The paper discusses several advantages of the TPC approach: (i) preservation of temporal dynamics through network representation, (ii) unsupervised discovery of clinically meaningful subtypes without a priori assumptions, (iii) ability to forecast disease course from a single baseline visit, and (iv) flexibility to incorporate heterogeneous data modalities (clinical, imaging, genomics). Limitations are also acknowledged: dependence on the PPMI cohort (potential selection bias), sensitivity to the choice of binarization thresholds, handling of missing longitudinal data, and the need for external validation in independent cohorts and longer follow‑up periods.

In conclusion, the authors propose TPC as a powerful analytical tool for chronic progressive diseases. By converting high‑dimensional longitudinal datasets into a series of bipartite networks and clustering patient trajectories, TPC captures complex, time‑varying relationships that traditional statistical methods overlook.
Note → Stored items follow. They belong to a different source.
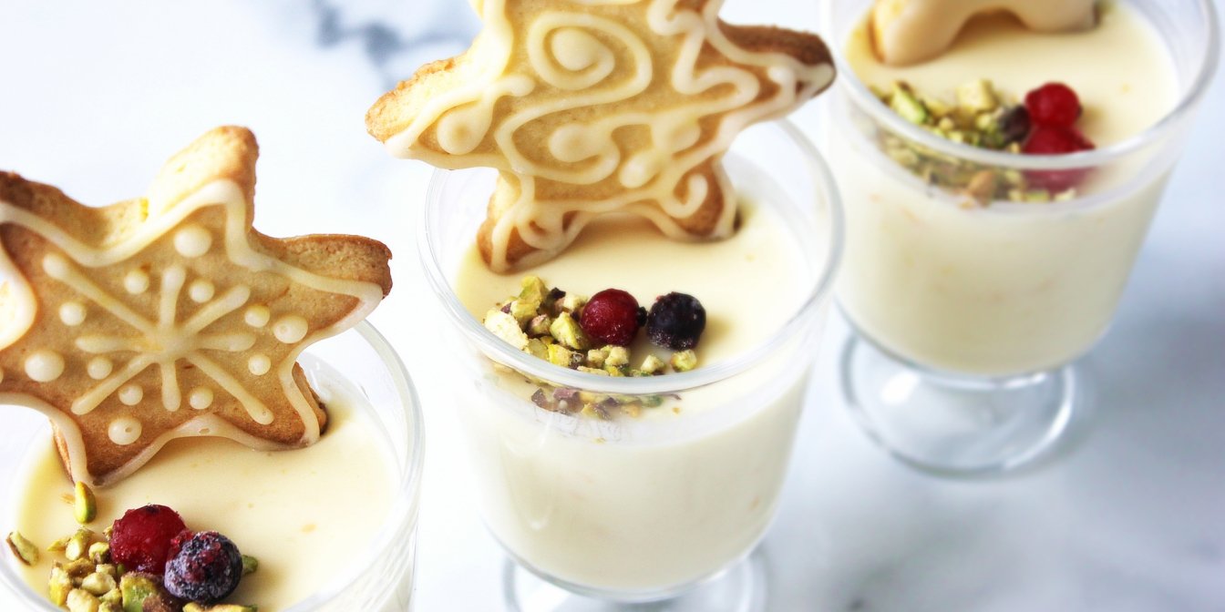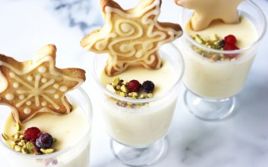 Настав час відкласти гарбузовий лате зі спеціями, щоб звільнити місце для цього ніжного десерту з вершків, молока, какао, ванілі і желатину. Їх треба об’єднати, збити віничком, приготувати на водяній бані та охолодити. Всього чотири кроки, і ви зануритеся у насичений аромат пряників.
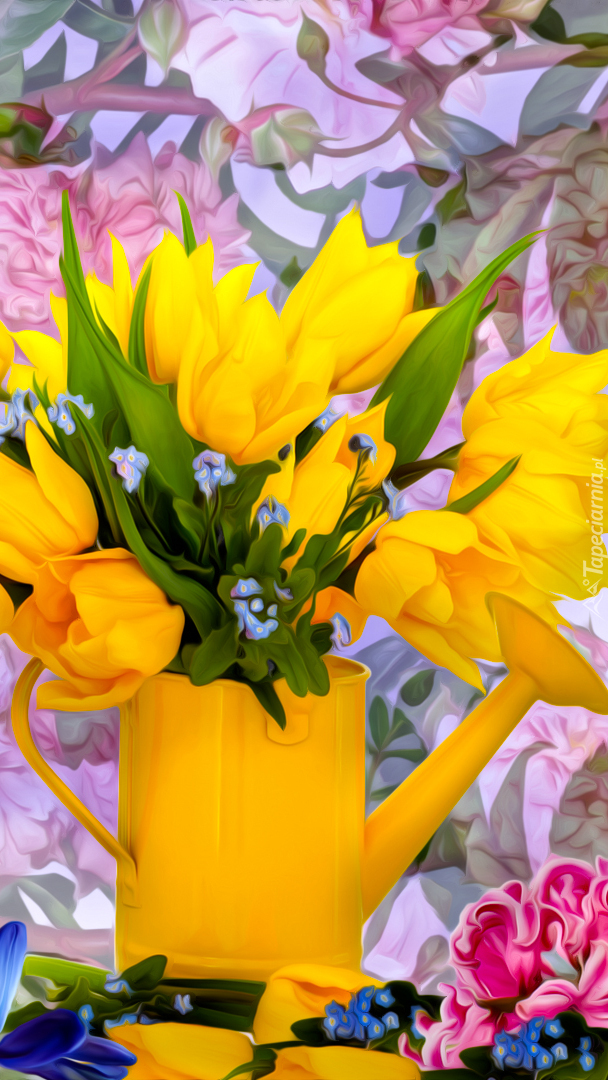 Edytor tapety: Żółte tulipany w konewce
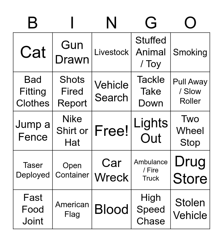 This bingo card has a free space and 35 words: No ID / Expired Tags, Gun Found, Face or Neck Tattoo, Shots Fired Report, Car Wreck, Stuffed Animal / Toy, Bad Fitting Clothes, Hand Cuffs, Vehicle Search, Drugs Found, Jump a Fence, Smoking, Sports Shirt or Hat, K9 Deployed, Cat, Lights Out, High Speed Chase, Nike Shirt or Hat, Taser Deployed, Stolen Vehicle, Ambulance / Fire Truck, Fast Food Joint, Drug Store, American Flag, Livestock, Pull Away / Slow Roller, Weed Found, Warrant, Tackle Take Down, Two Wheel Stop, Convenience Store, Blood, Open Container, Gun Drawn and Foot Pursuit.

The successful application to PD—identifying three biologically plausible subtypes and achieving accurate early prediction—suggests that the framework could be readily adapted to other neurodegenerative disorders (e.g., Alzheimer’s disease, multiple sclerosis) and to broader precision‑medicine initiatives where early stratification and prognosis are essential. Future work will focus on prospective validation, incorporation of real‑time wearable sensor streams, and coupling TPC‑derived subtypes with therapeutic response models to guide individualized treatment strategies.